Update #1 27JUNE2015
Update #2 28JUNE2015
Sometimes people work from different playbooks.Update #2 28JUNE2015
In this instance, the data from the World Health Organization's (WHO) new list of Middle East respiratory syndrome (MERS) cases - with extra detail - uses a case identification key that's out of synchrony with that produced by the South Korean (SK) Health Authority which can be found in each of its posts announcing new MERS cases and deaths.
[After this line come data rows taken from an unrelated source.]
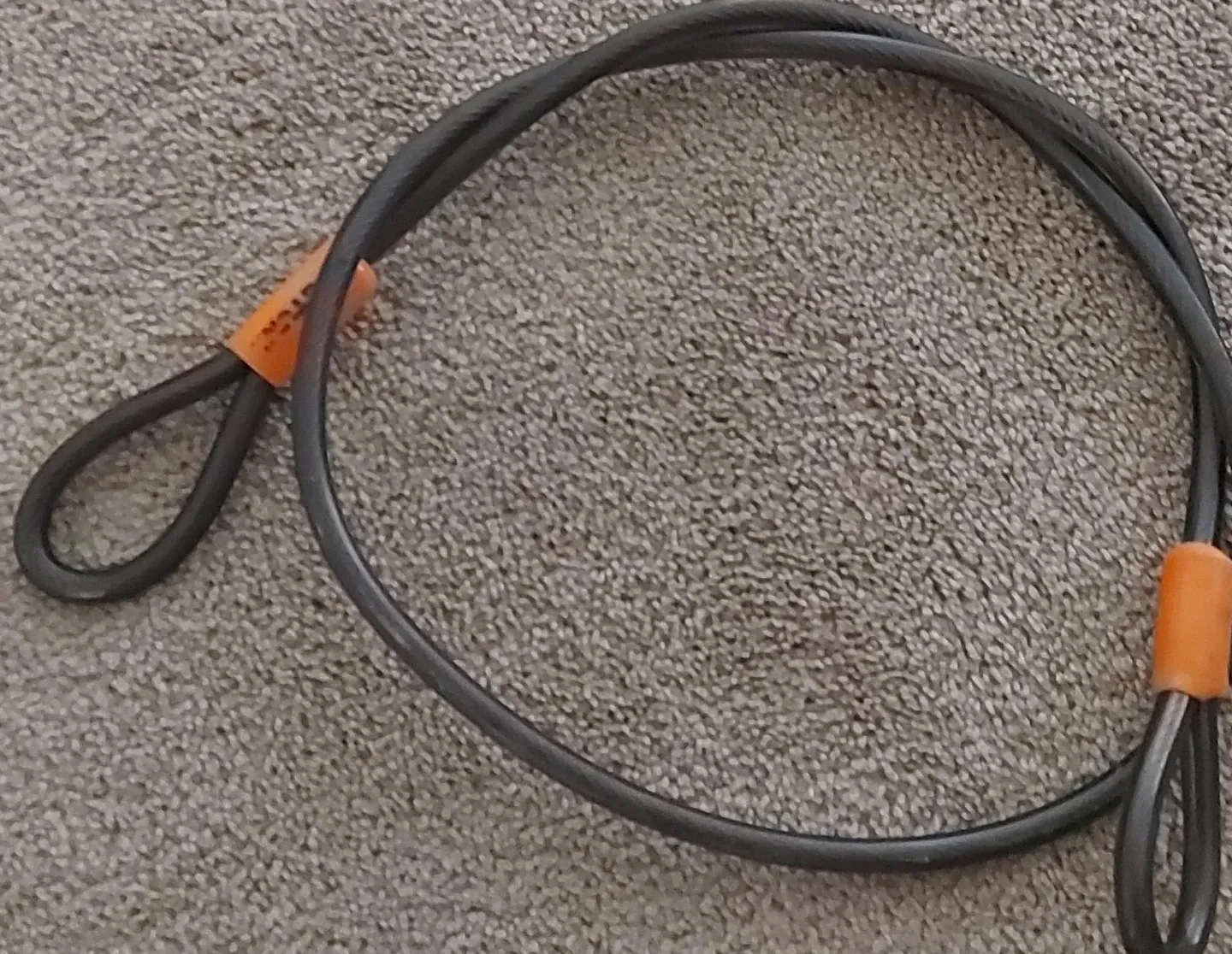 This is a cable lock. It's made of a strong steel cable with a vinyl coating. It has two loops for securing items.
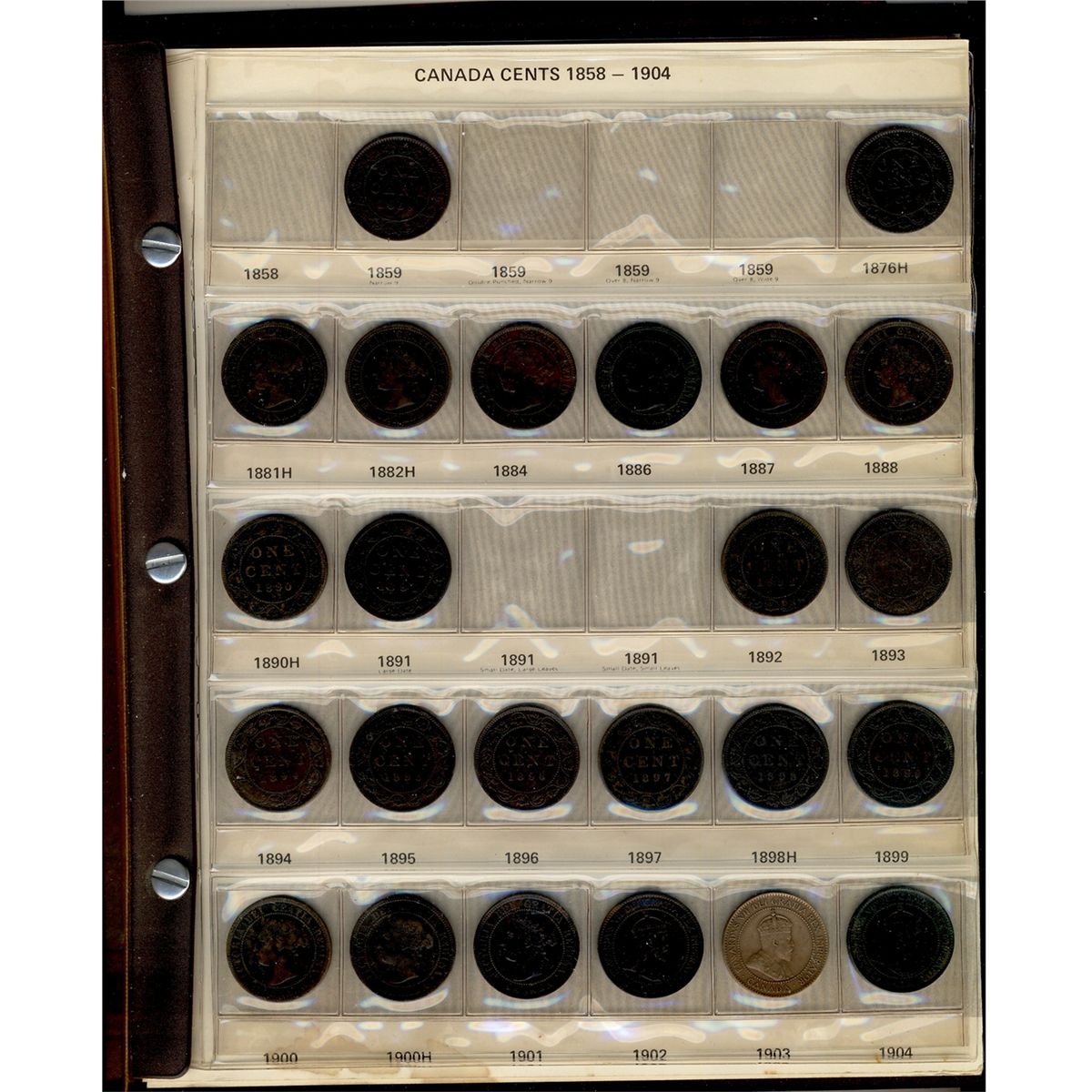 1859 Cents to 1966 incomplete Date Set. Does not include 1858, 1859/1891 varieties nor 1923. 75+ coins VG to UNC.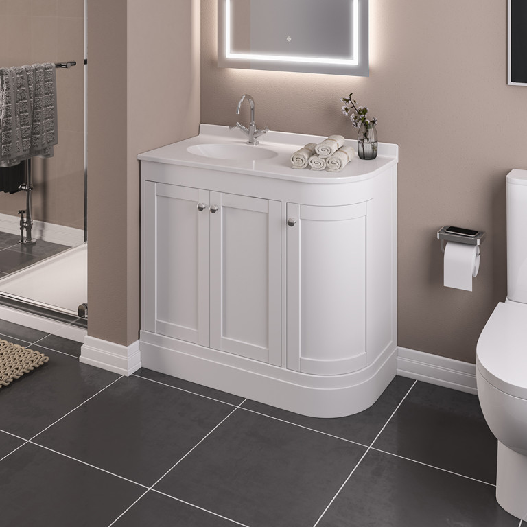 The Hardwick bathroom furniture features a luxurious basin design that flows seamlessly with the traditionally inspired curved lines and door panels of the vanity unit. Unit only, basin sold separately.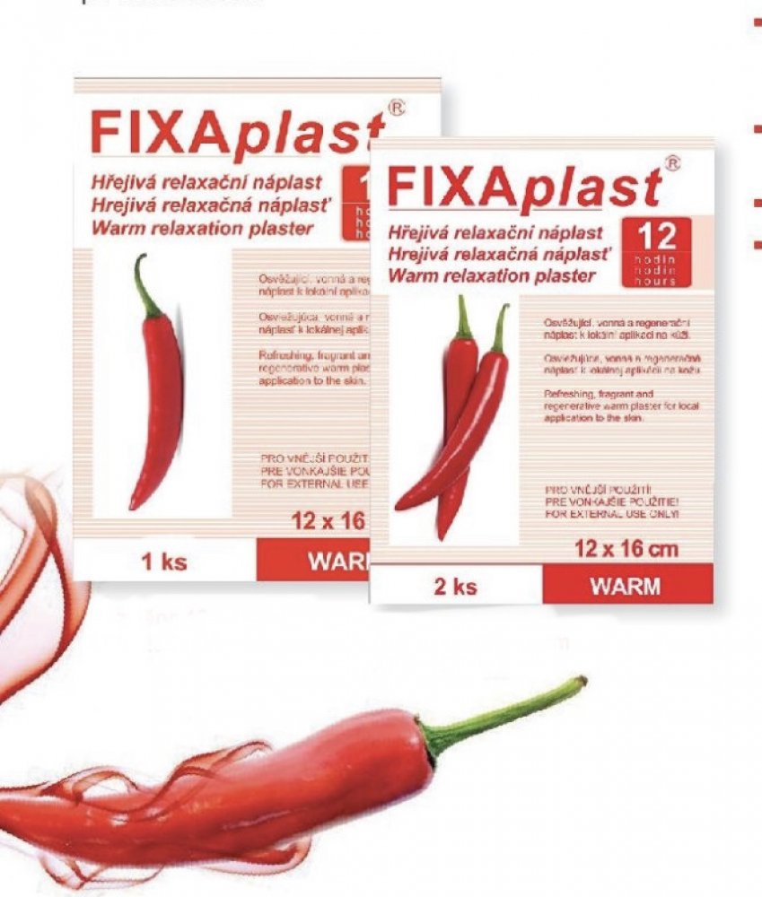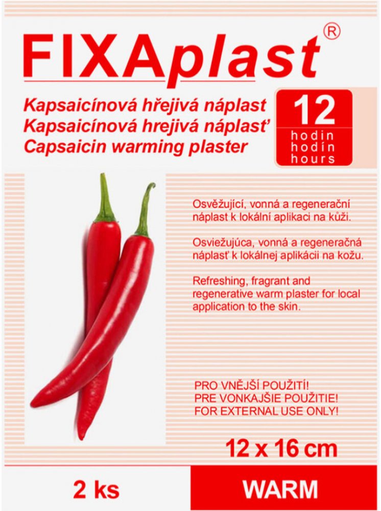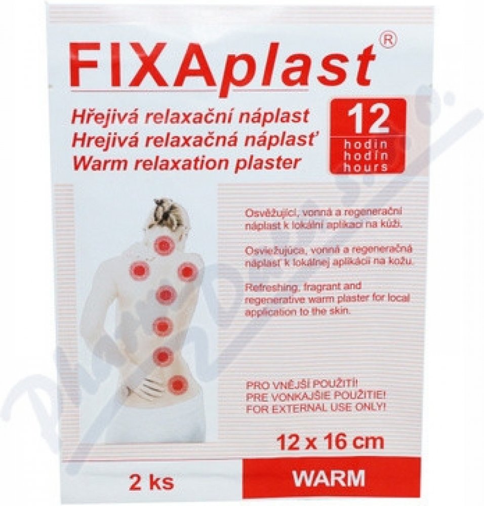 Rozměr: 12 cm x 16 cm Upozornění Pro vnější použití! Balení Hřejivá náplast Fixaplast WARM 2 ks.

Attempting to link the two lists has mostly been an exercise in pedantry, but sometimes it is useful to know which case one is talking about when discussing an outbreak or cluster of disease....'Hey Bill, what didja think of that 70 year old MERS case who drove the ambulance carrying that infected 75 year old MERS case and then those others got MERS as well..?' doesn't really roll off the tongue does it?
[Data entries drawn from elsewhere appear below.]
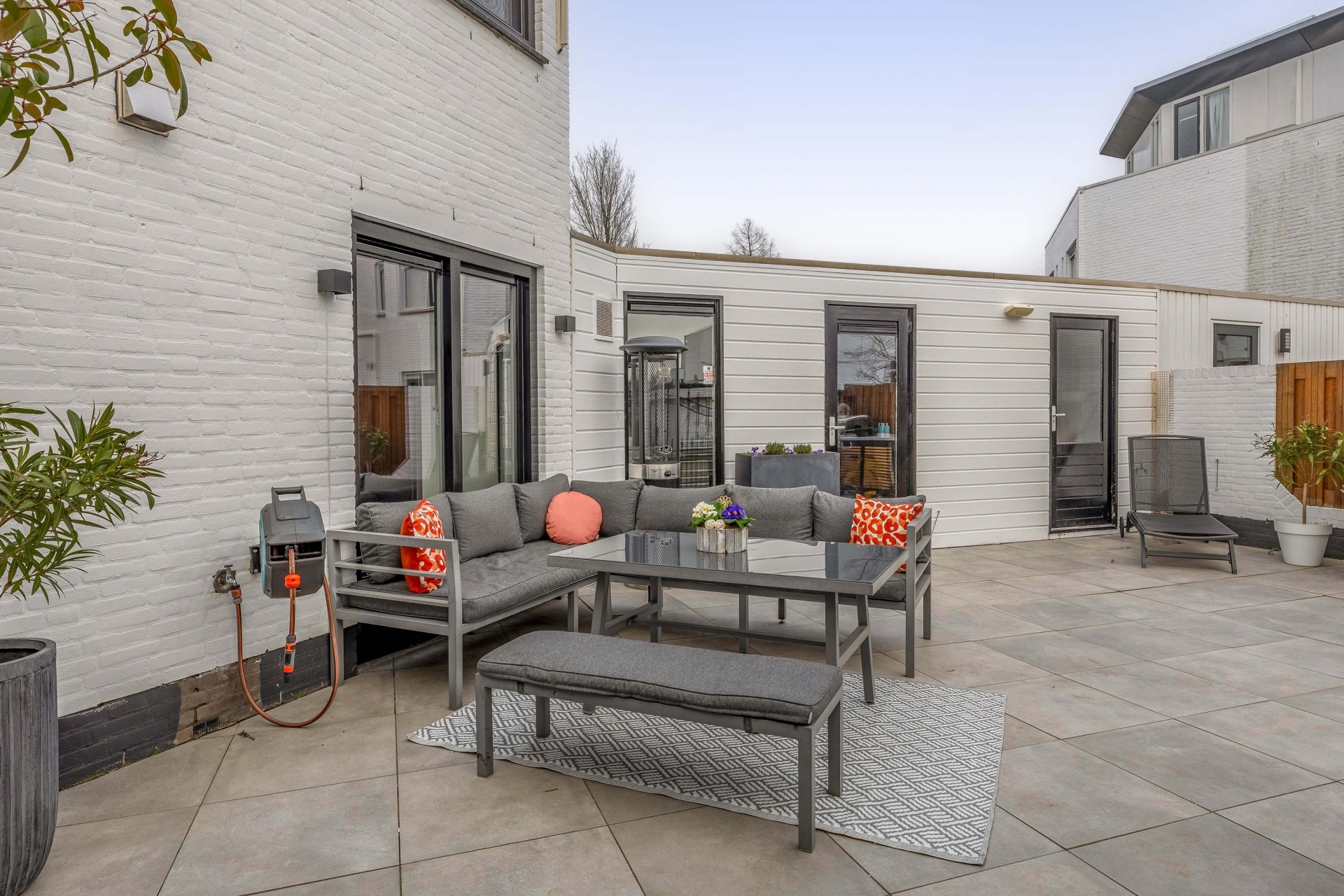Middels openslaande deuren vanuit de woonkamer is de tuin toegankelijk. Door de speelse indeling is er altijd wel een plek in de zon of schaduw te vinden. De onderhoudsvriendelijke tuin is recent opnieuw aangelegd. Ook de gevel is aangepakt en gereinigd. Verder beschikt de tuin over een buiten kraan en een aangebouwde stenen berging. Ideaal voor het opbergen van de fietsen en tuinkussens. Vanaf de tuin is tevens de dubbele oprit toegankelijk.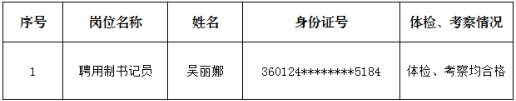 根据《江西省法院、检察院聘用制书记员管理办法(试行)》《江西省法院、检察院聘用制书记员公开招聘办法》和有关规定,进贤县人民检察院聘用制书记员补录体检、考察工作已结束,现将拟补录人员公示如下: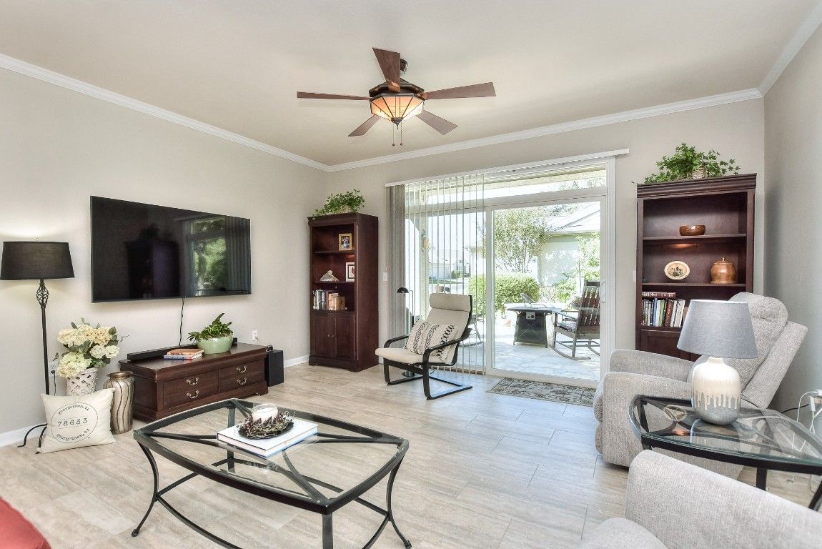 Welcome to this immaculate Monroe floor plan, one of the community's most popular and in-demand layouts. Situated on a large corner lot, this home boasts outstanding curb appeal and offers a wealth of custom upgrades, setting it apart from the rest. The interior showcases modern elegance and function. The kitchen is a true centerpiece, completely updated with granite countertops, stylish painted cabinets, a contemporary backsplash, under-cabinet lighting for task and ambiance, and a custom slate stone facade accenting the breakfast bar and main cabinet run. All primary appliances were replaced in 2023. The oven has air fryer capabilities. The kitchen is plumbed for gas if that is a preference for the oven. Elegant crown molding accents the entry, main living, and dining areas, complementing the updated tile floors found throughout the kitchen and main living spaces. The bathrooms have been beautifully updated with granite counters, featuring a large, modern walk-in shower with ceiling heater in the primary bath. The versatile layout includes a cozy breakfast nook, spacious living and dining areas, a second bedroom, and a study accessed through classic French doors, which includes a custom built-in desk, cabinets and bookshelf. Outdoor living is exceptional with an extended, custom back patio with a retractable awning, and an expansive front yard featuring extensive landscaping, a beautiful water feature, and a lovely sitting area to enjoy with family and friends. An epoxy walkway extends seamlessly from the driveway to the front entry. Practical updates include a Roof replaced in 2019 and HVAC replaced in 2016. The hot water heater has a circulation pump. Garage has extra space and includes cabinet storage. For added value, the washer/dryer, main refrigerator, garage refrigerator, and water softener all convey with the home. This is the turnkey opportunity you've been waiting for!

Figure 2. What the graph above looked like before we had dates of illness onset. Many cases were 'moved' to earlier time points because report dates always follow onset of illness dates and they can follow by varying periods of time - sometimes a day, sometimes a week or more. |
If I've stuffed anything up or if you can solve my problem cases - please pass that info along and I'll update the files on this page. Hopefully the next WHO version will have addressed all of this anyway (it didn't but perhaps a future one will).
These are publicly available and you can download them for your own interest.
There is a download arrow at the top of the Google Drive page.
- Google Drive folder with MERS data files
https://drive.google.com/open?id=0B5sEcTjB5Ailfm1PcU1oNDF6M2hiaDduUDgzQUdxNlZxeHBkU0FHeVBRRFJkbHIxTmdjX3c&authuser=0
Updates...
- With the help of FluTrackers updated line list to cross check against, the first half of my list has been updated - some bugs fixed.
- After about 5 hours - on and off - FluTrackers helped me sort out a few errors and the latest version of my list has been uploaded into the the folder linked above. Some typos corrected.